-
Bug
-
Resolution: Unresolved
-
Critical
-
None
-
4.20
-
None
-
False
-
-
None
-
Critical
-
None
-
x86_64
-
Production
-
None
-
None
-
None
-
Customer Escalated
-
-
-
None
-
None
-
None
-
None
-
None
-
None
-
None
Description of problem:
Cluster config: ROKS 4.20 with OVN default CNI.

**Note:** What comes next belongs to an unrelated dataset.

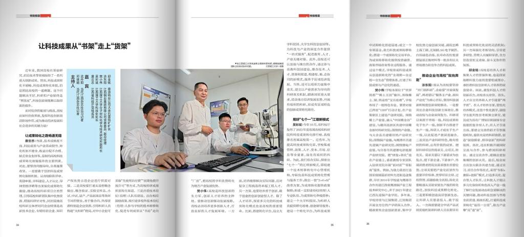 吴彩斌:今年10月,省科技厅发布了2023年度省属高校和科研院所科技成果转化排行榜,我校排名省属高校第一 。近些年,为提高科技成果转化率,学校集成管理、政策、人才、资本、市场、信息等全要素,强化有组织的科研。为此,我们结合实际情况,探索出“七个一 ”的江理新模式,即组建一个技术转移转化中心管理机构,专职负责科技成果转化管理与服务工作;推出一套“2+6+N ”改革方案,为成果转化提供政策保障;形成一支职业经纪人专业队伍,为成果转化牵线搭桥;建立一个大学科技园,为科研人员提供孵化场地、创业辅导服务;建设一个转化平台,为科技成果中试和转化搭建基地;成立一个专项基金,助力科技成果转移转化;搭建一个成果转化交易平台,为成果转移转化提供投资融资、政策市场咨询等全过程服务。通过这个模式,学校形成科技成果从创造到转化的“全周期—全过程—全生态 ”管理体系,打通科技成果与产业化的通道。

Observation: UDN attached CNV VMs loose their IP address and DHCP availability during cluster master operation (tested with patch version update).
Version-Release number of selected component (if applicable):
ROKS 4.20.12.
CNV 4.20.3
How reproducible: 100%
Steps to Reproduce:
0. ROKS cluster with master version 4.20.12.
1. Create a namespace with primary UDN label. In the example, the namespace name is `green`
2. Create a layer2 UDN with the following NAD:
```
kind: NetworkAttachmentDefinition
metadata:
name: green-net
namespace: green
spec:
config: '{"allowPersistentIPs":true,"cniVersion":"1.0.0","joinSubnet":"100.65.0.0/16,fd99::/64","name":"cluster_udn_green-net","netAttachDefName":"green/green-net","role":"primary","subnets":"10.203.0.0/26","topology":"layer2","type":"ovn-k8s-cni-overlay"}'
```
3. Install CNV 4.20.3 and create some Centos VMs in the `green` namespace in such a way that it is attached to the UDN. Verify VM is getting the IP from the UDN over DHCP without any issue.
```
$ k get vmi -A
NAMESPACE NAME AGE PHASE IP NODENAME READY
green example1 69m Running 10.203.0.12 test-d6is4ks20q37r7i27big-gergo03022-default-00000244 True
green example2 69m Running 10.203.0.13 test-d6is4ks20q37r7i27big-gergo03022-default-0000036a True
green example3 61m Running 10.203.0.44 test-d6is4ks20q37r7i27big-gergo03022-default-00000244 True
green example4 58m Running 10.203.0.46 test-d6is4ks20q37r7i27big-gergo03022-default-0000036a True
green example5 57m Running 10.203.0.47 test-d6is4ks20q37r7i27big-gergo03022-default-0000036a True
```
4. Update the master to a new patch level (in this case the target level is 4.20.13.). Wait until DHCP lease expires in the Centos VMs (probably 30 minutes).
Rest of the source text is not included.